VLADIMIR: I’m beginning to come round to that opinion. All my life I’ve tried to put it from me, saying, Vladimir, be reasonable, you haven’t yet tried everything. And I resumed the struggle. So there you are again.
In that first exchange between Didi and Gogo, the play lays out its philosophical concerns. Do we quit struggling and resign ourselves to fate—or do we resist? And if we are to resist, on what basis should we hope that we might succeed? Vladimir concedes that the weight of the burden is “too much for one man.”
“On the other hand,” he continues, “what’s the good of losing heart now, that’s what I say.”
The pair spends the first act making small talk, mostly, revealing that they have been traveling together virtually their entire lives and have grown dependent on each other. They repeat lines and gestures, indicating that the course of their lives has been charted out by petty rituals and exchanges meant to pass the time together. They are, we find, waiting for Godot, a mysterious figure whose arrival will make everything right again. Didi’s belief that Godot will come makes everything bearable and keeps the thought of suicide at bay. Why kill yourself when there is hope that tomorrow help will come? They meet a wealthy man, Pozzo, who is headed to the market to sell his slave, Lucky. Later, a boy comes to them, a messenger from Godot, saying that he won’t be coming today, but will arrive tomorrow.
BOY: What am I to tell Mr. Godot, Sir?
VLADIMIR: Tell him . . . [he hesitates] . . . tell him you saw us.
All Vladimir wants at that point is to know that their suffering did not go unobserved by the man who has it in his power to end it. It’s as if the assurance that Godot knew what they were going through, even if he didn’t rescue them, would be e
nough to give Didi and Gogo hope to hold on for one more day. Surely if Godot got word of what they were enduring, he would hasten to help them. Surely.

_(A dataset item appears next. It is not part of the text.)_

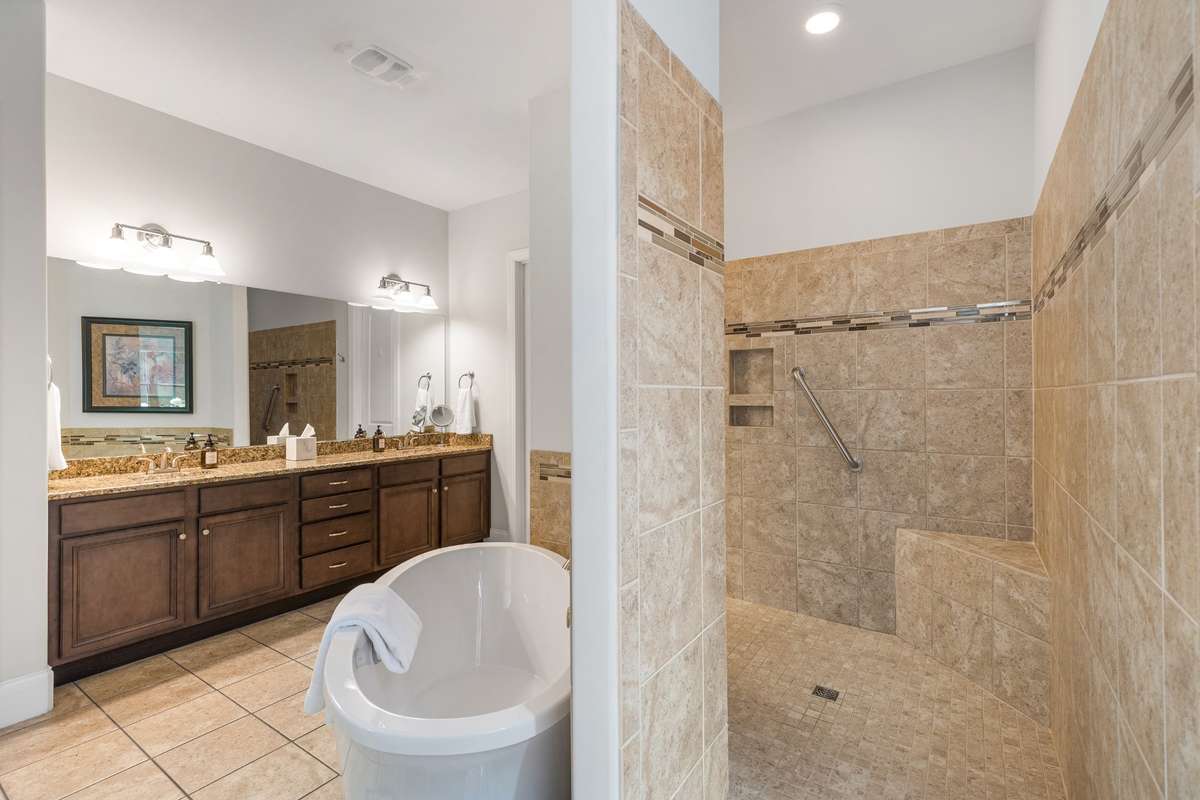 Primary Suite on Main Level: Spacious and convenient, the primary bedroom offers a peaceful retreat with easy access. Garden tub and wraparound walk in shower in the en suite bath. Double vanity and double closets!

The first act ends with Didi and Gogo vowing to leave this place. But they do not move. In the second act, more or less the same things occur, which caused one critic to quip that Beckett “has written a play in which nothing happens, twice.” So much of life, Didi comes to understand, is about playing the same games, over and over, and expecting a different outcome. But this time, Didi has two awakenings.
In the first, Didi delivers the play’s most important lines, telling Gogo that they should shut up and act to help suffering Pozzo.
Let us not waste our time in idle discourse! Let us do something, while we have the chance! It is not every day that we are needed. Not indeed that we personally are needed. Others would meet the case equally well, if not better. To all mankind they were addressed, those cries for help still ringing in our ears! But at this place, at this moment of time, all mankind is us, whether we like it or not. Let us make the most of it, before it is too late! Let us represent worthily for once the foul brood to which a cruel fate consigned us! What do you say?
Soon after this, a furious Pozzo departs the scene with a declaration that life is meaningless. “They give birth astride of a grave,” he says, of human beings, “the light gleams in an instant, then it’s night once more.”